TASK DIRECTIONS – Repeat exactly the lines below from the line that contains "0787福寿双全CAD玻璃雕刻CDR线条矢量图" to the last line, inclusive, without the pictures.

-- SUPPLIED RECORDS follows --

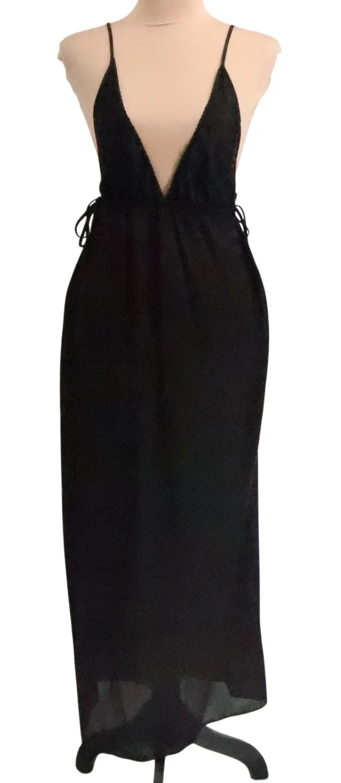 Whimsigoth, party, lingerie, sexy, date night 100% Nylon, deep v-neck, spaghetti straps, side ties for fit adjustment Condition: Good pre-owned condition. One small place where lace needs to be reattached to strap and one stripe of stitching detail on bust is coming out. (see photos) Measurements in photos – please review measurements prior to purchase to ensure fit. Measurements: • Pit to Pit (under bust): 11 in • Waist (under ties): 19 in • Length: 54.5 in Please note: Color may vary slightly due to lighting and screen differences. Offers welcome!
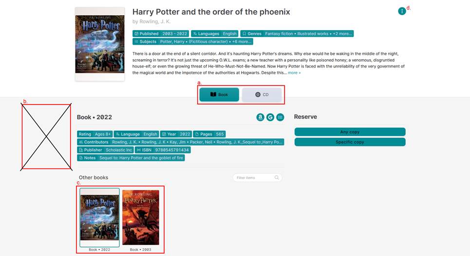 a. Added central tabs for different format type display, eg Book, Audiobook, etc
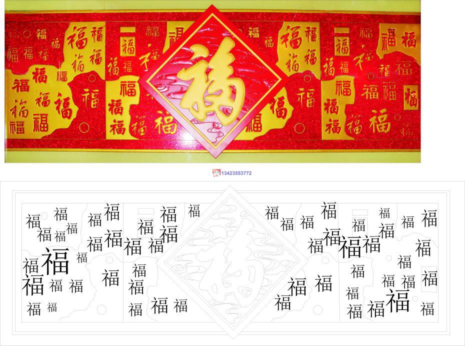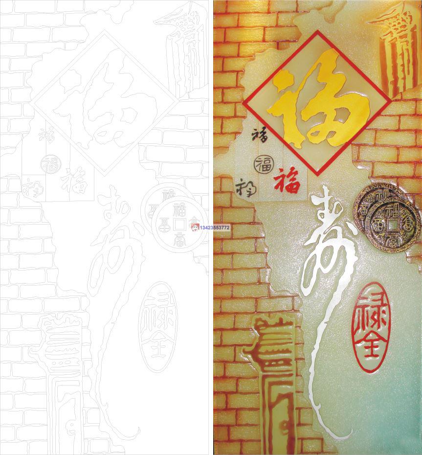 0787福寿双全CAD玻璃雕刻CDR线条矢量图
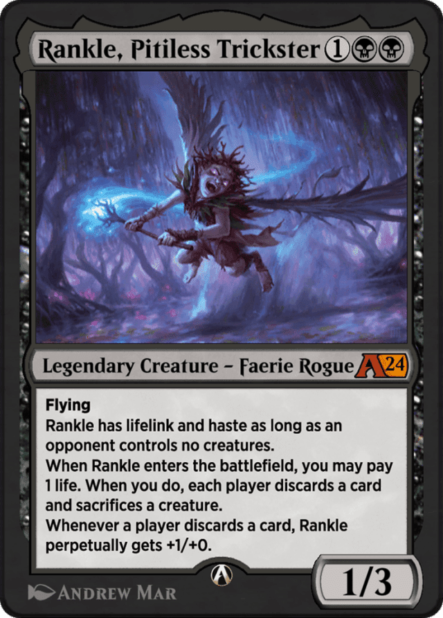 Flying Rankle has lifelink and haste as long as an opponent controls no creatures. When Rankle enters, you may pay 1 life. When you do, each player discards a card and sacrifices a creature. Whenever a player discards a card, Rankle perpetually gets +1/+0.
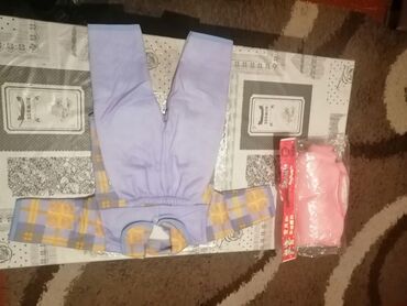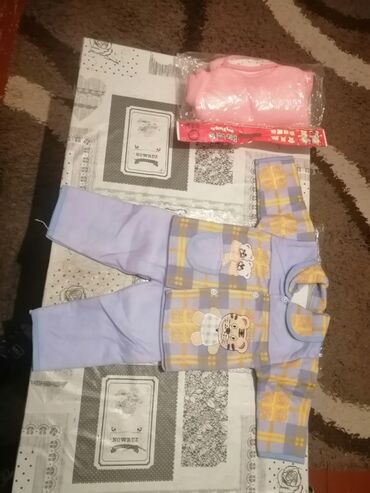 - Uşaq pijama/kombinezon dəsti: bənövşəyi-sarı rəngli, dama və çiçək motivli qalın materialdan. Üstdə düyməli kofta, altda elastik bel və balaqları rezinli şalvar. Ön tərəfdə şirin heyvan aplikasiyaları və ciblər. Arxa tərəfdən bağlanma düymələri mövcuddur.
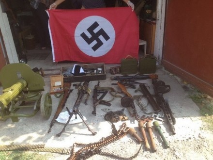 Під час обшуку в оселі чоловіка, що має і український, і російський паспорти, правоохоронці вилучили два кулемети MG-42, пістолети-кулемети ППС та ППШ, станковий кулемет «Максим», два карабіна К-96, чотири муляжі протитанкових гранат та набої.

-- SUPPLIED RECORDS concluded --

ANSWER TO THIS PROBLEM –
 0787福寿双全CAD玻璃雕刻CDR线条矢量图
 Flying Rankle has lifelink and haste as long as an opponent controls no creatures. When Rankle enters, you may pay 1 life. When you do, each player discards a card and sacrifices a creature. Whenever a player discards a card, Rankle perpetually gets +1/+0.
 - Uşaq pijama/kombinezon dəsti: bənövşəyi-sarı rəngli, dama və çiçək motivli qalın materialdan. Üstdə düyməli kofta, altda elastik bel və balaqları rezinli şalvar. Ön tərəfdə şirin heyvan aplikasiyaları və ciblər. Arxa tərəfdən bağlanma düymələri mövcuddur.
 Під час обшуку в оселі чоловіка, що має і український, і російський паспорти, правоохоронці вилучили два кулемети MG-42, пістолети-кулемети ППС та ППШ, станковий кулемет «Максим», два карабіна К-96, чотири муляжі протитанкових гранат та набої.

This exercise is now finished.